Konzerttournee nach Palencia, Spanien, im Zeichen von Anton Bruckner.
Am 18. Dezember 2024 - gerade noch rechtzeitig vor Ende des Brucknerjahres - startete unser Ensemble Wohlsang die erste große Konzertreise ins Ausland. Im Rahmen des spanisch - österreichischen Kulturaustausches waren wir nach Palencia im Norden Spaniens eingeladen worden, um dort in der drittgrößten Kathedrale Spaniens ein weihnachtliches Konzert zu gestalten. Ausdrücklich gewünscht war natürlich Literatur von Anton Bruckner, ansonsten hatte Georg, unser künstlerischer Leiter, etwas Spielraum.
Mit von der Partie waren auch drei Bläser der Formation SoundInnBrass, die uns beim Psalm 114 von Anton Bruckner begleiten sollten.
Abflug mit 40 Minuten Verspätung um 7:40 Uhr von Linz mit Zwischenstopp in Frankfurt, von dort weiter nach Bilbao. Am Flughafen stiegen wir in einen reservierten Bus, der uns ins Zentrum brachte. Hier hatten wir eine Stunde Zeit, um uns die Füße zu vertreten, etwas frische Luft zu schnappen und eine Kleinigkeit zu essen. Bilbao empfing uns - mittlerweile ist es 13 Uhr - mit Sonne und Wind. Außerdem gab es interessante Architektur und Outdoor - Kunstinstallationen zu bestaunen.

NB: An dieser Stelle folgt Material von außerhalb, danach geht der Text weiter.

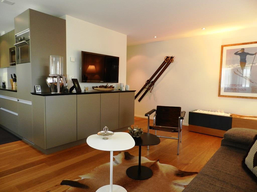 2 1/2 Zimmer Wohnung (ca. 58m) für höchste Ansprüche in einem Mehrfamilienhaus; Parkplatz in Einstellhalle; Skiraum; 3. Stock; Lift; schöner Südbalkon möbliert; Schlafzimmer mit Doppelbett (1.80), 2 Matratzen, TV; Dusche/Lavabo/WC; moderne offene Küche mit Induktionsherd, Backofen, Mikrowelle, Geschirrspühler, Kaffeemaschinen (Nespresso); Wohn-Esszimmer mit TV/Radio, Internet; die Betten sind bei Ihrer Anreise bezogen, Frottéwäsche, Küchenwäsche vorhanden; Nichtraucherwohnung - Haustiere nicht erlaubt!

Um 14 Uhr war es dann soweit: Alle Mann an Bord zur Weiterfahrt nach Palencia, die immerhin drei Stunden in Anspruch nehmen sollte. Entschädigt wurden wir durch eine abwechslungsreiche Landschaft, die von zerklüftetem Karstgebiet bis zu weiten Ebenen mit sanften Hügeln reichte. Unzählige sakrale Bauwerke waren zu entdecken.
Angekommen! Gegen 17 Uhr erreichen wir endlich unser Ziel: Palencia!
Vor Ort erwartet uns bereits der Kulturstadtrat persönlich, Senõr González Gutiérrez, der uns auch das letzte Stück des Weges bis zu unserer Unterkunft begleitet. Dieses galt es nämlich zu Fuß zurückzulegen, da die Gassen in der Altstadt schlichtweg zu eng für den Reisebus sind. Wohl dem, der Rollen am Koffer hatte.
Die Zimmerverteilung sollte sich als russisches Roulette entpuppen.
Das Seminario - ein altehrwürdiges Bauwerk, mochte im Sommer Spaniens wohl angenehm kühl sein. Nun war es aber Dezember und speziell nachts bereits empfindlich kalt. Die großen Hallen sind schwer zu heizen - sofern die Heizung überhaupt funktioniert. Meine Zimmerkollegin Eva und ich hatten Glück - wir hatten es kuschelig warm. Manche Chormitglieder waren aber nicht so begünstigt und mussten teilweise sogar umziehen.... Wolldecken hatten jedenfalls Hochkonjunktur.
Mit dem Speisesaal verhielt es sich ganz ähnlich - hier war Winterkleidung angesagt und zu den Mahlzeiten absolut zwingend - außer man konnte den Tisch neben dem einzigen Heizkörper im Raum ergattern.
Die nächste "Überraschung" war dann das Essen à la Feldküche..... gut, jeder hatte mittlerweile Hunger und so griffen eben alle zu - aber das schreit nach Alternativ - Strategien.
Um diesen unerfreulichen Ersteindruck möglichst schnell wieder zu löschen, beschlossen Michel, Günther und ich, noch einen abendlichen Abstecher in Richtung Kathedrale zu unternehmen. Und da wurden wir nicht enttäuscht!
Die Kathedrale der Störche! Überall thronten sie samt ihren Nestern, die sich winzig ausnahmen gegen dieses gewaltige Bauwerk.
Wir waren fasziniert von der unglaublichen Größe und Erhabenheit dieser Kirche und konnten kaum glauben, dass wir übermorgen tatsächlich hier singen würden.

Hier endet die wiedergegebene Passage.